Robert attended the later service. Like Mr Chandler, he worked in the city and weekends were times to restore. The two shared a deep commitment to the governance of the parish and its material needs. Robert was so often the warm presence with new-comers and all children. Children seemed to look forward to his being by the door, his greeting, his ability to ask after their young lives. If you watch children, you notice they can spot a fraud from any distance. This was never the case with Robert. Trust and warmth was the shared energy.

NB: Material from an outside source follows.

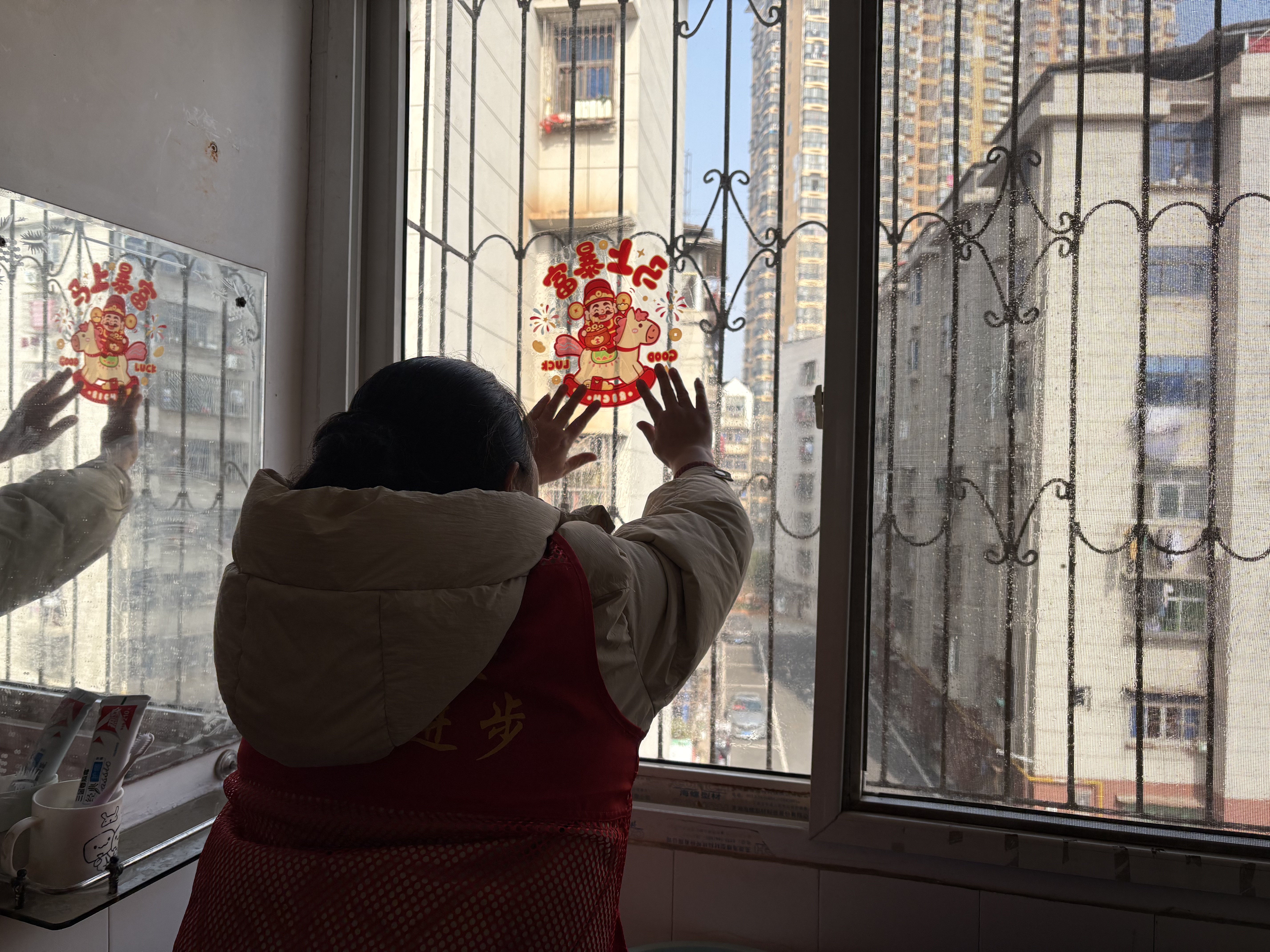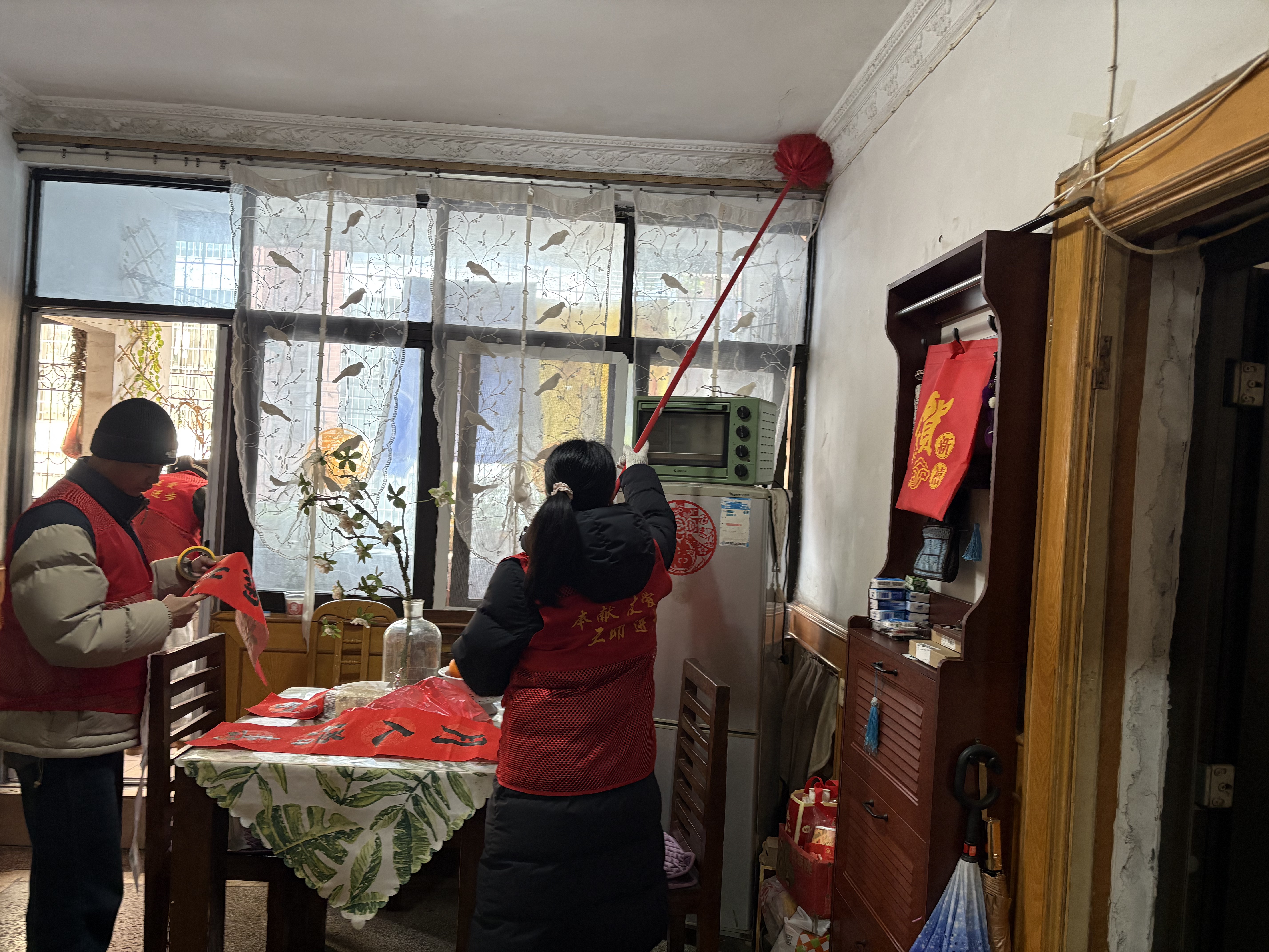 擦玻璃、扫灰尘、整理衣物、贴春联……志愿者们分工协作,动作麻利又细心。鲜红的春联贴上门框,吉祥的福字倒贴在窗上,原本冷清的小屋瞬间被浓浓的年味包裹。看着焕然一新的家,程阿姨拉着志愿者坐下来,不停念叨着心里的感动。“我年纪大了,腿脚不利索,弯腰干活都费劲,过年打扫、贴对子这些事,想做都做不了。多亏了你们,不光帮我把家里收拾得干干净净,还陪我说话,跟亲闺女一样贴心。”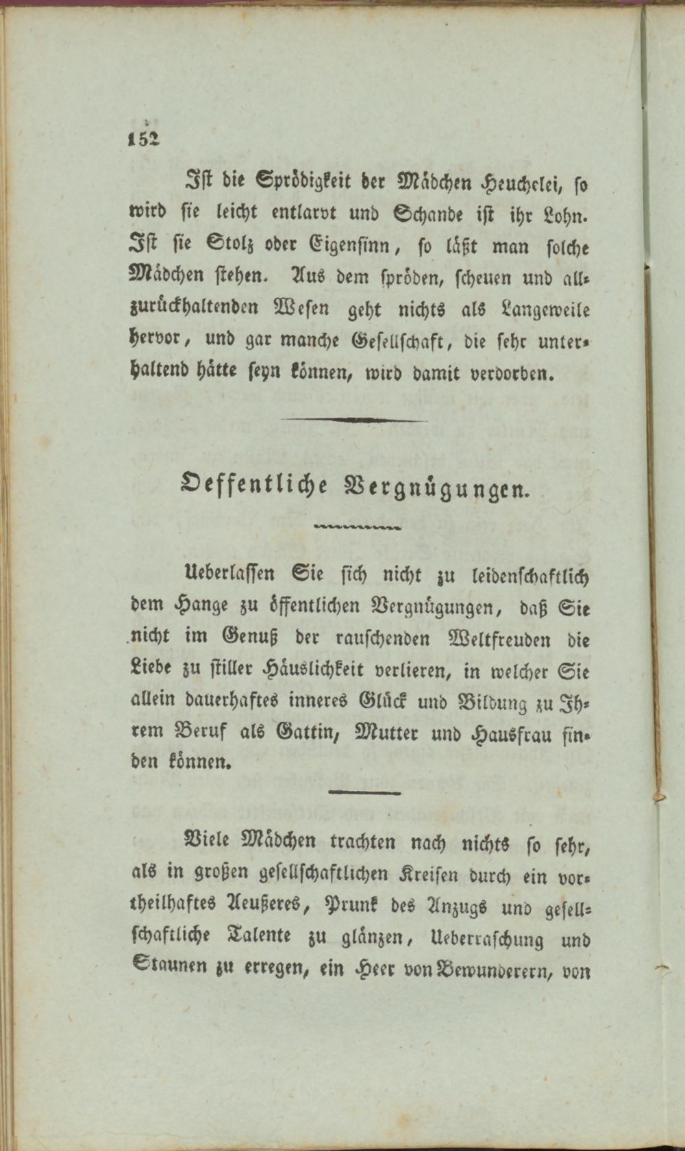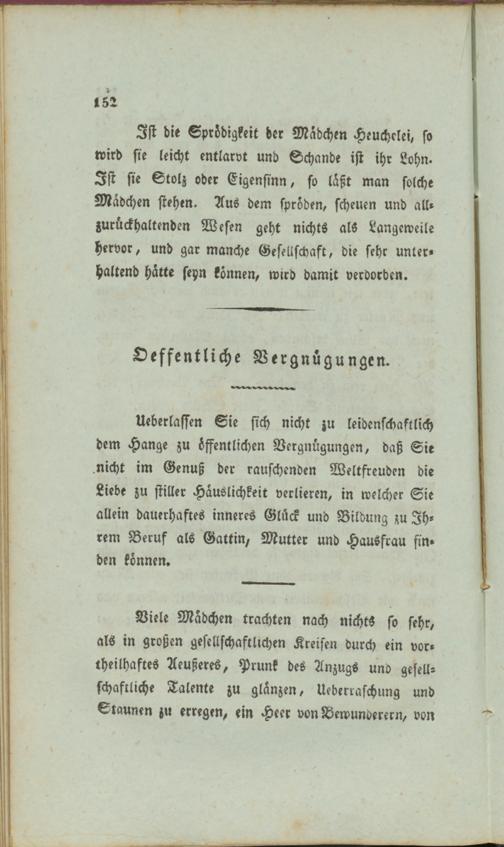 Ueberlassen Sie sich nicht zu leidenschaftlich dem Hange zu öffentlichen Vergnügungen, daß Sie nicht im Genuß der rauschenden Weltfreuden die Liebe zu stiller Häuslichkeit verlieren, in welcher Sie allein dauerhaftes inneres Glück und Bildung zu Ihrem Beruf als Gattin, Mutter und Hausfrau finden können.

When the men had come to Jesus, they said, "John the Baptist has sent us to you to ask, 'Are you the one who is to come, or are we to wait for another?' " Luke 7:20

When John the Baptist's disciples come to Jesus to ask this question they are asking it for you and me as well. This is the core question of faith. Have we found in Jesus the intervention of God in life and history and our culture? There is a weight to the question because its answer will shape our lives, our character, our daily interactions, our route to the forgiveness we often need as we live in this world. If he is the one and Christianity thus the faith that claims us, we will live by his teachings and being. John and his disciples know this. Jesus' way was beyond John's repentance. His teachings, his healing presence, left others more gently in their world, more whole.

This is well defined in today's epistle.

As God's chosen ones, holy and beloved, clothe yourselves with compassion, kindness, humility, meekness, and patience. Bear with one another and, if anyone has a complaint against another, forgive each other; just as the Lord has forgiven you, so you also must forgive. Above all, clothe yourselves with love, which binds everything together in perfect harmony. And let the peace of Christ rule in your hearts.   Colossians 3:12-15

The qualities described here can seem weak ones to the business or social world perhaps. Yet when you have been instructed or reprimanded or even fired by someone who embodies "compassion, kindness, humility, meekness, and patience" you know it. There is both clarity to their view and speech. There is a patience as they wait for your response. While you might be brought low, you do not cease to exist as a person who can learn and grow. Except perhaps in the firing, there is a way back, a forgiveness awaiting effort to change what needs changing.

In Luke's gospel we hear in response to John's question, "Are you the one..."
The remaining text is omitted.